BOGOTA, Columbia — Now that a historic peace accord with leftist FARC guerrillas could be signed within weeks, Colombia's government is eager to ensure ties to the US military endure in a post-conflict future.

President Juan Manuel Santos this week rolled out the red carpet for the Pentagon's top officer, Gen. Joe Dunford, honoring him with three ceremonies during a brief visit to Bogota.

The question looming over the fanfare is how the relationship between Colombia and its top military partner will evolve after Bogota and the FARC finally strike a deal ending five decades of conflict.

Since 1999, a US program called Plan Colombia has seen about $10 billion in military aid flow to Colombia's security services, fortifying the state against well-armed and well-funded drug cartels and rebel groups, chief among them the FARC.

US military academies have trained Colombian troops, and major arms deals have ensured the Colombian military is a well-equipped, modern fighting force.

Speaking to reporters after his trip Thursday, Dunford said Colombia's leaders stressed the importance of military ties.

"Their main message today was, 'Hey look, you can't look past us, it's not over,'" Dunford said on a flight from Colombia to the US military's Southern Command (SOUTHCOM) in Florida.

"Please don't think now you can take your eye off of Colombia, the most important part of the campaign is winning the peace, and that starts with the accord, it doesn't end," Dunford recounted his Colombian partners as saying.

'Peace Colombia'

US President Barack Obama last month announced a $450 million plan to fund Colombia's peace process, highlighting a new focus on post-conflict realities.

A March 23 deadline had been set for the peace talks to conclude, designed to bring to an end a five-decade conflict that has killed more than 260,000 people and displaced 6.6 million others.
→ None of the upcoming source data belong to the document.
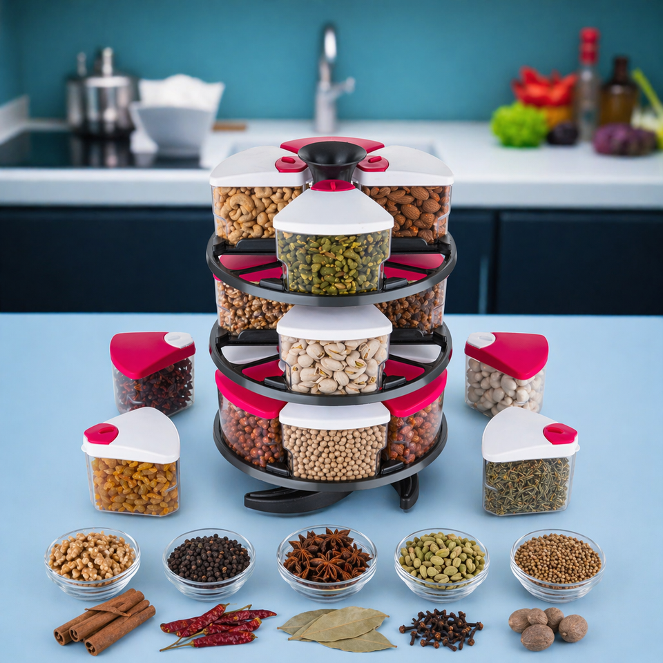 360° Rotating Spice Rack Kitchen Organizer with 12 Glass Seasoning Jars Multi-Functional Spice Storage Container Stand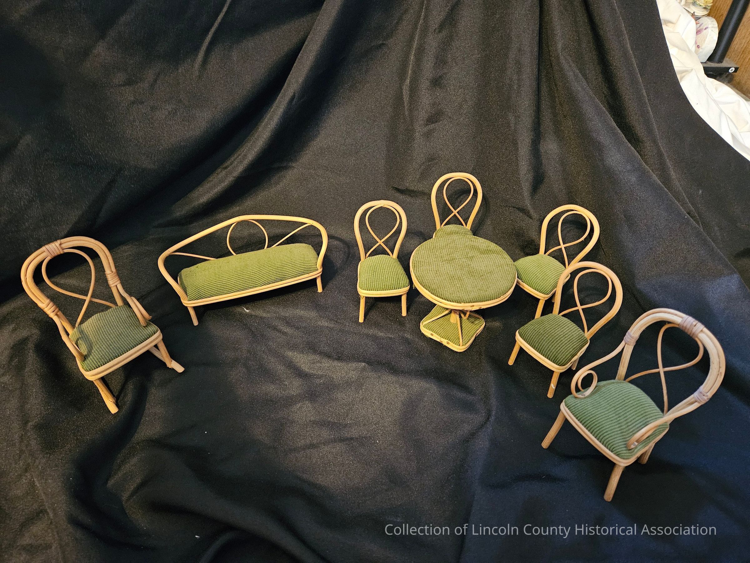Set of bent wood doll furniture. Green fabric lining chairs and table. Set includes one table and four matching chairs. One larger chair and one rocking chair. Also one sofa.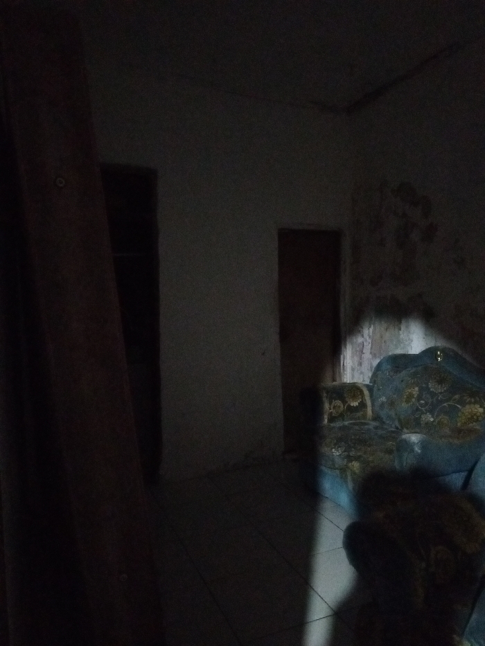 The image captures the interior of a dimly lit room in Budbud, Philippines. The scene is illuminated primarily by a directed light beam, originating from an unseen source in the immediate foreground, casting a prominent shadow onto the floor and a dark blue sofa. This sofa, located on the right side of the frame, features faded floral upholstery with lighter accents and appears worn. The wall behind the sofa exhibits widespread peeling paint and discoloration. Two dark, rectangular doorways are visible in the background: one centrally placed and another further to the right. To the far left, a dark brown vertical fabric element, possibly a curtain, is present, displaying at least one circular grommet. The floor consists of dark-colored tiles with visible grout lines in the illuminated area. No individuals are depicted within the frame; however, the localized light source and its shadow indicate the presence of a person holding the illuminating device.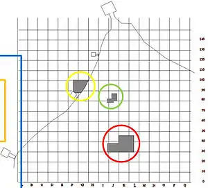 - Construcciones de forma cuadrangular; el patrón de disposición no es típico de estructura circular.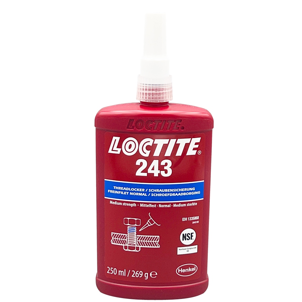 LOCTITE® 243ist ein Allzweck-Schraubensicherungsmittel, das eine mittelfeste Verbindung bietet. Es ist nachweislich tolerant gegenüber geringfügigen Verunreinigungen durch Industrieöle, z. B. Motoröle, Korrosionsschutzöle und Schneidflüssigkeiten.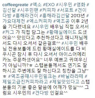 시우민 커피차 인스타그램에 짧은 후기 올라옴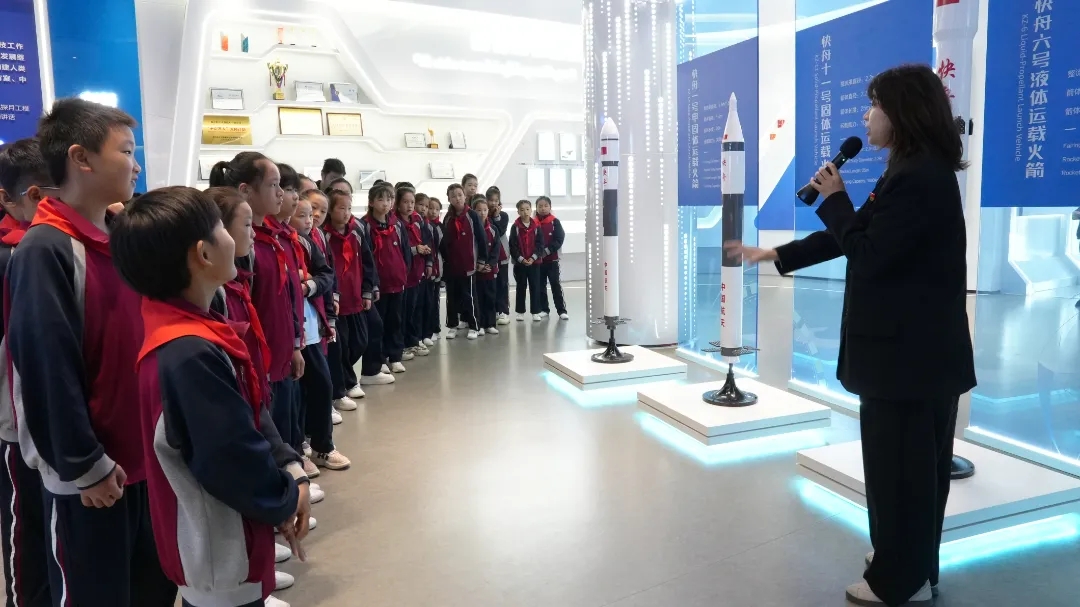 隨后,少先隊員們與快舟固體運載火箭親密接觸,現(xiàn)場參觀,并到火箭公司科普展廳開展見學,豐富翔實的圖文資料、視頻動畫、快舟系列火箭模型等,展示了中國航天事業(yè)的輝煌成就、快舟火箭的發(fā)展歷程,以及人類對未來太空探索的夢想。少先隊員們駐足觀看,不時向身邊的講解員發(fā)問,對中國航天抱有極大興趣。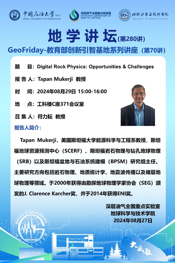 【地学讲坛第280讲】关于Tapan Mukerji教授《Digital Rock Physics: Opportunities & Challenges》学术报告的通知
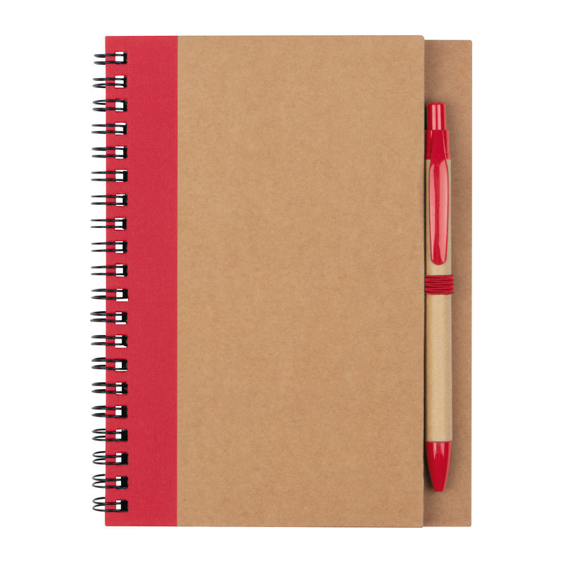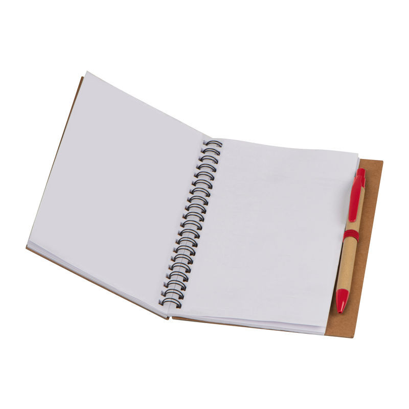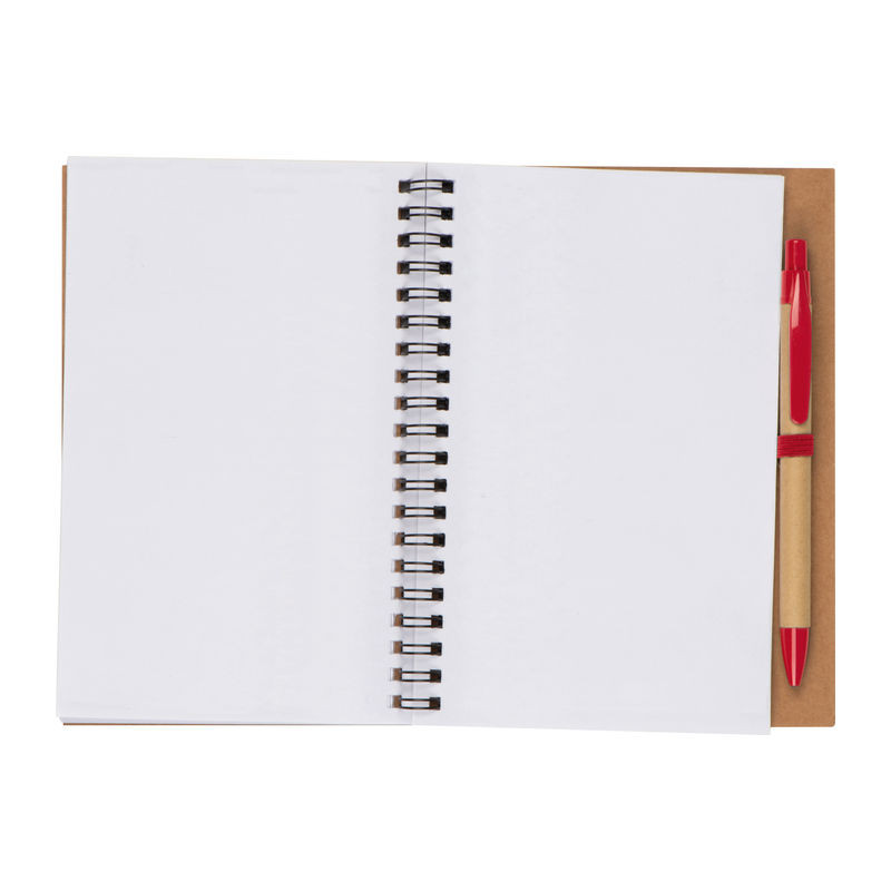 120 oldalas spirálfüzet, sima fehér lapokkal, újrahasznosított papírból. Továbbá a szett rész egy kéken író golyóstoll, mely ABS és papír felhasználásával készült.

But Santos on Thursday said more time was needed.

Hailed in Washington as a bipartisan success story, Plan Colombia was launched by president Bill Clinton and continued by his Republican successor George W. Bush.

Colombia had been so plagued by drug violence and corruption that officials say it was almost a failed state, and they credit Plan Colombia with an instrumental role in its turnaround.

US Marine Gen. Joseph F. Dunford, chairman of the Joint Chiefs of Staff, meets with Marines assigned to the Marine Security Detachment at the US Embassy on March 10 in Bogota, Colombia.

Photo Credit: Petty Officer 2nd Class Dominique A. Pineiro/Navy

"If you look at where Colombia was in the mid-1990s and you look at where they are today ... they are a solid democracy in South America, they are a force for stability in the region and they are now also contributing broadly in the international community ... so yes, it was worth it," Dunford said.

But the policy has also been fiercely criticized inside Colombia and by rights groups, who say it made internecine conflict bloodier and left a trail of abuses.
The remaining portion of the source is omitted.